Does where you live factor into cancer mortality?

More than 19.5 million cancer deaths were recorded in the United States from 1980 to 2014. When digging deeper, the Institute for Health Metrics and Evaluation at the University of Washington found that cancer deaths were “clustered,” with many U.S. counties above the national average.

Of note, there were statistically significant increases in cancer mortality between 1980 and 2014 in 160 counties, with the highest rates of increase observed in Kentucky and scattered across regions of the South.

“Such significant disparities among US counties is unacceptable,” said Dr.

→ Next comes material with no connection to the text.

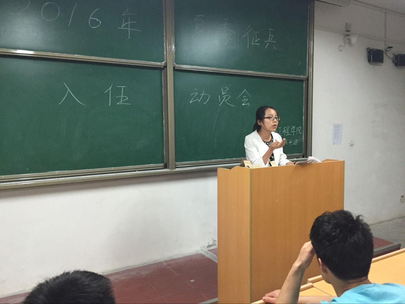 会议开始,张小妹老师让大家通告了2016年夏季征兵时间、要求与国家政策等各种相关信息,详细解释了大学生应征入伍的待遇政策与入伍后的注意事项和要求。随后由退役的郭林林学长讲解了入伍的身体条件及军队的各项硬性指标,最后由同学们自由提问,张老师与郭学长认真地解答了同学们的困惑。

Ali Mokdad, lead author on the study and Professor of Global Health at the IHME. “Every person should have access to early screenings for cancer, as well as adequate treatment.”

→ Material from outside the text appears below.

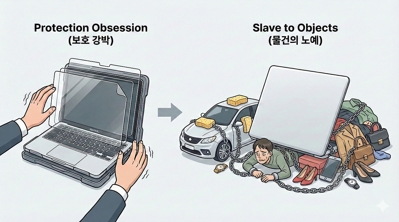 우리는 종종 우리를 위해 산 물건의 노예가 된다.

The study was able to identify clusters of high rates of change among U.S. counties, which is important for providing data to inform the debate on prevention, access to care, and appropriate treatment. Monitoring cancer mortality at the county level can help identify worsening incidence, inadequate access to quality treatment, or potentially other etiological factors involved. [1]

For example, between 1980 and 2014:

  • Liver cancer mortality increased in nearly every county. Clusters of counties with large increases were found in California, Oregon, Washington, New Mexico, and Texas. While alcohol is a well-known risk factor for liver cancer, the counties with high or increasing death rates differ from those known for high rates of alcohol consumption.
  • Fewer Americans smoke today than in previous decades, but parts of the South and many rural areas still show high rates of this deadly habit. It is not surprising that these same areas show high rates of lung cancer, especially within states like Kentucky, Tennessee, Alabama, Missouri, Arkansas, Mississippi, and rural Alaska. More aggressive efforts to discourage smoking in these areas are crucial to help address this problem.
  • The majority of counties witnessed decreases in breast cancer death rates since 1980; however, there are clusters of high mortality rates in counties along the Mississippi River. The lowest rates appear in parts of the West, Midwest, and Northeast.
  • There are high death rates from prostate cancer in groups of counties in Alabama, Mississippi, Georgia, South Carolina, and Virginia.
  • Counties with the highest death rates from kidney cancer also were identified along the Mississippi River, as well as in Oklahoma and Texas. In addition, certain areas in Alaska and the Dakotas with large Native American populations showed rates higher than the national average.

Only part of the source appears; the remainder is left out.